Answer.

Flaky tests are tests that can pass or fail without any changes in the code due to random external factors. They undermine trust in automation and complicate CI/CD processes.

Background: The tension with flaky tests arose with the advent of mass E2E, integration, and UI tests when the stability of the environment and dependent services is not guaranteed. Initially, such failures were ignored or "manually restarted".

Problem:

Flaky tests make automated test runs unreliable.
Developers start to miss real failures, considering them false.
The time spent on maintaining tests increases and manual investigation of unstable results is required.

Solution:

Separate tracking of flaky tests. Label them (e.g., @FlakyTest) or put them in a separate category.
Automatic re-execution. In case of test failure, repeat it X times — if it doesn't fail every time, mark the test as unstable.
Analysis of instability causes: using logs, state snapshots, resource monitoring (e.g., unstable network, queues, or GC operations).
Gradual fixes: working with the testing environment, simplifying scenarios, mocking unstable dependencies.

Example code for auto-retry:

import pytest
@pytest.mark.flaky(reruns=3, reruns_delay=2)
def test_random_fail():
    ... # test code

Key features:

It is important to separate flaky tests from real failures
One should not just "retry everything" — real bugs should not be missed
The status of tests is regularly analyzed and documented, not silenced

Gotcha questions.

Are flaky tests always an infrastructure problem?

No, flaky tests can be caused by business logic errors, race conditions in the code, asynchronicity, or improper time handling.

Is just restarting failed tests enough?

No, retries merely mask the problem.
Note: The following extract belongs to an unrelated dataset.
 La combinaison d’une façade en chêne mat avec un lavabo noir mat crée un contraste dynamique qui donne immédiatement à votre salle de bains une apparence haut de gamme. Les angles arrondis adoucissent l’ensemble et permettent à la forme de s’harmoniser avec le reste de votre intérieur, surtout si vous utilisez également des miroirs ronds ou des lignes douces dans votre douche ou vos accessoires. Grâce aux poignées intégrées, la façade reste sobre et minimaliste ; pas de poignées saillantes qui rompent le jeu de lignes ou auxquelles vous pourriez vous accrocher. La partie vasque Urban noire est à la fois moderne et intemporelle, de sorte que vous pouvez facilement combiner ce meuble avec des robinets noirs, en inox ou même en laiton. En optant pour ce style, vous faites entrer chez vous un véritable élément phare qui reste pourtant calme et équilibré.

It is necessary to search for and eliminate the cause.

Should we delete all unstable tests?

No, they should be temporarily isolated and the causes fixed, rather than simply excluded forever.
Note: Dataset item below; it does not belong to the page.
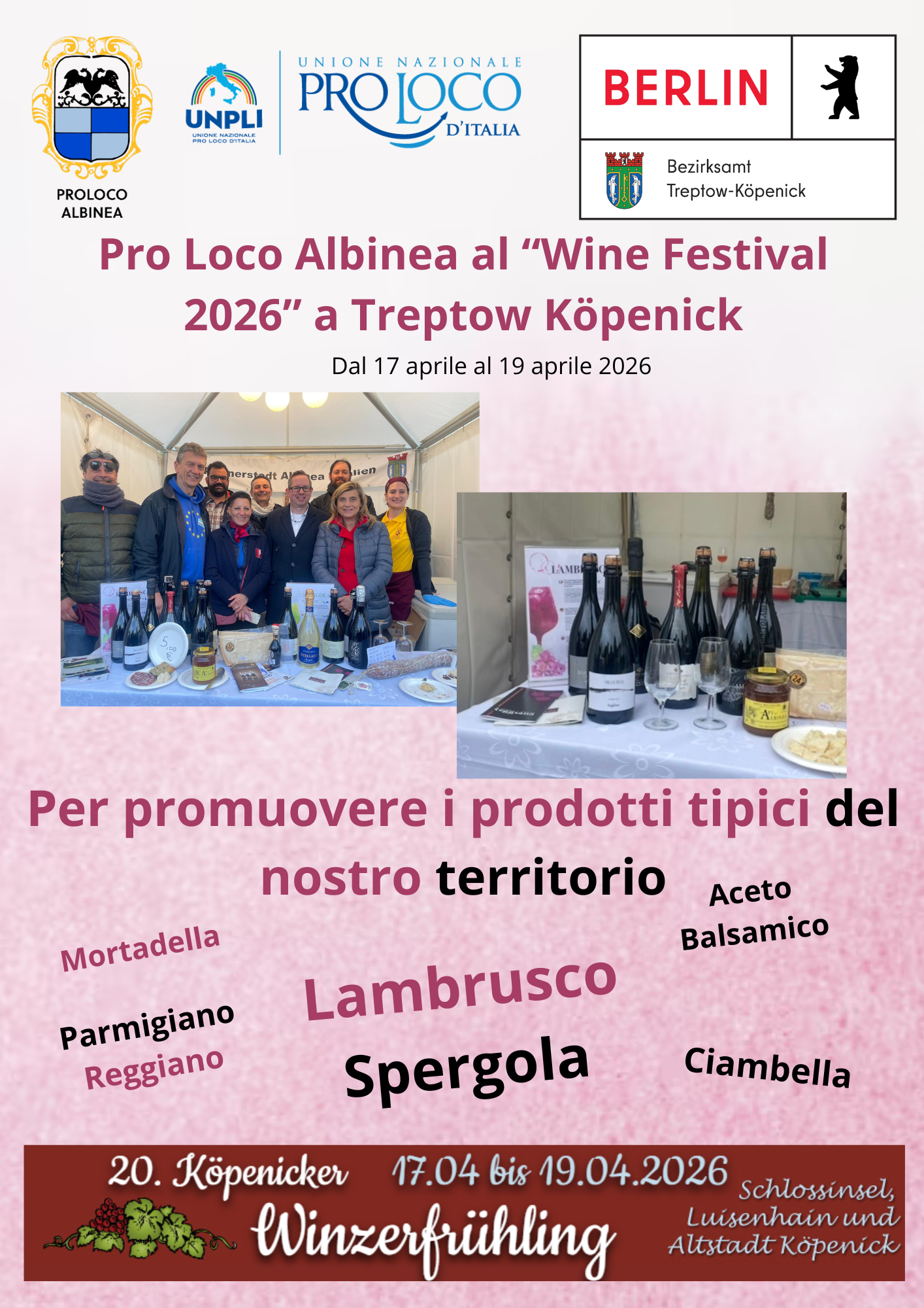 Per la seconda volta ,quest’anno la Pro Loco di Albinea sarà presente al “Wine Festival 2026” a Treptow Köpenick per promuovere i prodotti tipici del nostro territorio: Lambrusco e Spergola, Parmigiano Reggiano, Mortadella, Aceto Balsamico ed infine la Ciambella reggiana

Common mistakes and anti-patterns

Ignoring flaky tests, which leads to missing serious bugs.
Mass retries without analyzing causes.
Labeling important tests as flaky without taking steps to fix them.

Real-life example

Negative case

In the project, flaky tests were simply marked and left alone, considering the problem "unsolvable".

Pros:

Reduction in false "red" builds

Cons:

Real bugs go into production
Constant manual checks of results

Positive case

For each unstable test, an automatic retry and internal tracking of instability were introduced. Regular joint reviews of causes were conducted, and bugs were fixed as they accumulated.